■ Task objective: The pictures are to be dropped, and the records below are to be restated word for word.

■ Materials provided:
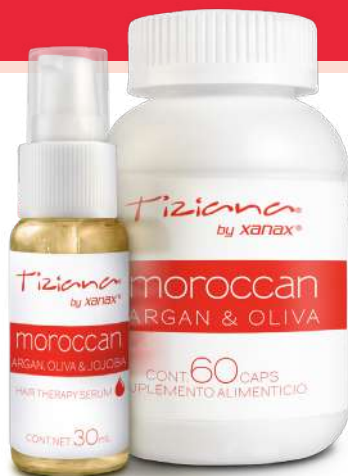
Bote con 30 mL de suero y bote con 60 cápsulas.

El suero Hidratante Moroccan ARGAN, OLIVA & JOJOBA de Tiziana, es un buen tratamiento de nutrición que regenera por completo todo cabello maltratado. Lo fortalece, hidrata, restaura y suaviza, proporcionándole brillo, vigor y un aspecto saludable. Está formulado con aceite de Argán, el mejor aliado para devolverle vida a tu cabello al nutrir, renovar y regenerar regresándole su brillo natural gracias a su alto contenido en ácidos omega 3, 6, y 9, y vitamina E. El suero Hidratante Moroccan ARGAN, OLIVA & JOJOBA está complementado con Aceite de Oliva, que agrega brillo y humedad a tu cabello. El Aceite de Jojoba es una cera vegetal de múltiples propiedades para tu cabello, uñas y piel, proporcionándole mayor brillo, suavidad e hidratación al cabello, ayudando en su regeneración y actuando contra la grasa y sequedad cutánea.
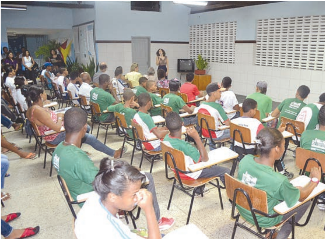
Iniciativa tem como proposta avaliar a política de Educação de Jovens e Adultos (EJA) da rede municipal de Salvador
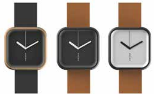
VÄRI SERIES COLOR UPDATE MATS LÖNNGREN NEW COLORS

気鋭のフィンランド人デザイナーが手掛けた「色」を意味する VARI(バリ)。アルミニウムを使用した軽い着けごちと、日常使いしやすいカラーリングが魅力的。33mmの小振りなサイズながら、角の取れたスクエアケースとマットな色調が腕の上で個性を放ちます。
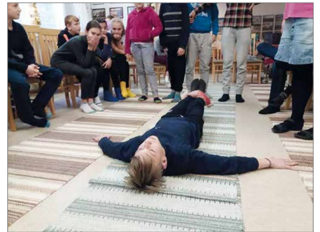
Sodasta kärsivien lastenleirillä oli monenlaista ohjelmaa. Eräs 12-vuotias tyttö sanoi Posion kirkossa pidetyssä tilaisuudessa: "Leirillä lauletti hengellisiä lauluja, jotka ovat parantaneet minun sydämeni."

Pyhän Maan Kristityt ry ja Global Christian Support ovat yhteistyössä järjestäneet sodasta kärsineille lapsille hoitavia leirejä Suomessa, kaksi kertaa Kuhmossa ja kaksi kertaa Posiolla. Itse olen saanut olla apulaisena molemmilla Posion leireillä. Ensimmäisellä leirillä 2019 syntyi laulu, "Kohtaaminen". Jos pienen lapsen kohtaata, jota tunne et, niin anna silloin hymy, jonka huomaisi hän, kun tietää et voi mitään,

■ Exercise solution:
Bote con 30 mL de suero y bote con 60 cápsulas.

El suero Hidratante Moroccan ARGAN, OLIVA & JOJOBA de Tiziana, es un buen tratamiento de nutrición que regenera por completo todo cabello maltratado. Lo fortalece, hidrata, restaura y suaviza, proporcionándole brillo, vigor y un aspecto saludable. Está formulado con aceite de Argán, el mejor aliado para devolverle vida a tu cabello al nutrir, renovar y regenerar regresándole su brillo natural gracias a su alto contenido en ácidos omega 3, 6, y 9, y vitamina E. El suero Hidratante Moroccan ARGAN, OLIVA & JOJOBA está complementado con Aceite de Oliva, que agrega brillo y humedad a tu cabello. El Aceite de Jojoba es una cera vegetal de múltiples propiedades para tu cabello, uñas y piel, proporcionándole mayor brillo, suavidad e hidratación al cabello, ayudando en su regeneración y actuando contra la grasa y sequedad cutánea.
Iniciativa tem como proposta avaliar a política de Educação de Jovens e Adultos (EJA) da rede municipal de Salvador
VÄRI SERIES COLOR UPDATE MATS LÖNNGREN NEW COLORS

気鋭のフィンランド人デザイナーが手掛けた「色」を意味する VARI(バリ)。アルミニウムを使用した軽い着けごちと、日常使いしやすいカラーリングが魅力的。33mmの小振りなサイズながら、角の取れたスクエアケースとマットな色調が腕の上で個性を放ちます。
Sodasta kärsivien lastenleirillä oli monenlaista ohjelmaa. Eräs 12-vuotias tyttö sanoi Posion kirkossa pidetyssä tilaisuudessa: "Leirillä lauletti hengellisiä lauluja, jotka ovat parantaneet minun sydämeni."

Pyhän Maan Kristityt ry ja Global Christian Support ovat yhteistyössä järjestäneet sodasta kärsineille lapsille hoitavia leirejä Suomessa, kaksi kertaa Kuhmossa ja kaksi kertaa Posiolla. Itse olen saanut olla apulaisena molemmilla Posion leireillä. Ensimmäisellä leirillä 2019 syntyi laulu, "Kohtaaminen". Jos pienen lapsen kohtaata, jota tunne et, niin anna silloin hymy, jonka huomaisi hän, kun tietää et voi mitään,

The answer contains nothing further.